Guide Critique: A Handbook of the Indian Poetics and Aesthetics

Ami Upadhyay. A Handbook of the Indian Poetics and Aesthetics. Bareilly: Prakash E book Depot, 2017, Web pages 177, Price: Rs. 125/-. ISBN 978-81-7977-601-8

While curiosity in classical Indian poetics has been stay, almost nothing new looks to have been extra or found more than the past 50 %-a-century or more. New publications by professors of English, at most effective, have been repetitive. A scholar of the stature of Ananda Coomaraswamy is awaited to relate Sanskrit poetics to Western theoretical developments in the present century.

Getting mentioned this, I am delighted to search via the guide in hand, a “compendium of delight,” as Ami Upadhyay claims. Ami is a classical dancer and instructor of English language and comparative literature, and knowledgeable to notify us about Indian poetics and aesthetics, which includes theories of Rasa, Riti, Dhvani, Vakrokti, Alankaras, Aucitya, Guna-Dosa, and many others. She certainly dwells on Bharata’s Natya Shashtra and briefly touches on other Sanskrit poeticians and theorists these types of as Dandin, Jagannatha, Kuntaka, Abhinavagupta, Ksemendra Rajasekhara, Vishwanatha, Hemendra and other people, on the just one hand, and Plato, Aristotle, Ananda Coomaraswamy, and other Europeans, on the other.

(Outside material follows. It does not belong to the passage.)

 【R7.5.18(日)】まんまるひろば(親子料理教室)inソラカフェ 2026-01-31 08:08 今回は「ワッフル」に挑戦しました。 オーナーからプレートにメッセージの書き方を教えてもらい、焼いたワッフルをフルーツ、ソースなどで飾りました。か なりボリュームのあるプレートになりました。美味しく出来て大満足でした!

Organised in three pieces, the very first component seeks to outline aesthetics, poetry, and drama (Natya, Nataka and Kavya) with a temporary description of the history of Indian poetics. The second component promotions with the several educational institutions of Indian poetics, conveying the attribute elements of the Rasa in the Vedas, Upanishads, and Ayurveda rasa as Ananda (pleasure) Sringara rasa (erotic sentiments) Karuna rasa (pathetic sentiment) Raudra and Vira rasa (the awful and the heroic) Hasya rasa and Adbhuta rasa (the comedian and the marvellous) Bhayanak and Vibhatsa rasa (the terrible and the odious) and Santa rasa (the tranquil). Ami also discounts with the principle and framework fundamental the Natya Shashtra in 10 chapters. In the remaining ten chapters of the next component, she discusses the theoretical and explanatory contributions from other well known poeticians and aesthetes. The third section presents a listing of key theorists and their works glossary of vital conditions, and selected bibliography.

The shorter chapters on Coomaraswamy, and Indian and Western Literary criticism and poetics, along with the appendices ought to help new scholars go after further review in a issue which is already aspect of English literature class in quite a few universities in India and overseas.

Ami’s handbook is obviously prepared and nicely-developed, but omission of R S Tiwary’s A Critical Approach to Classical Indian Poetics (1984) from her Bibliography is disappointing.

I am happy to recommend it to Honour’s and M A learners.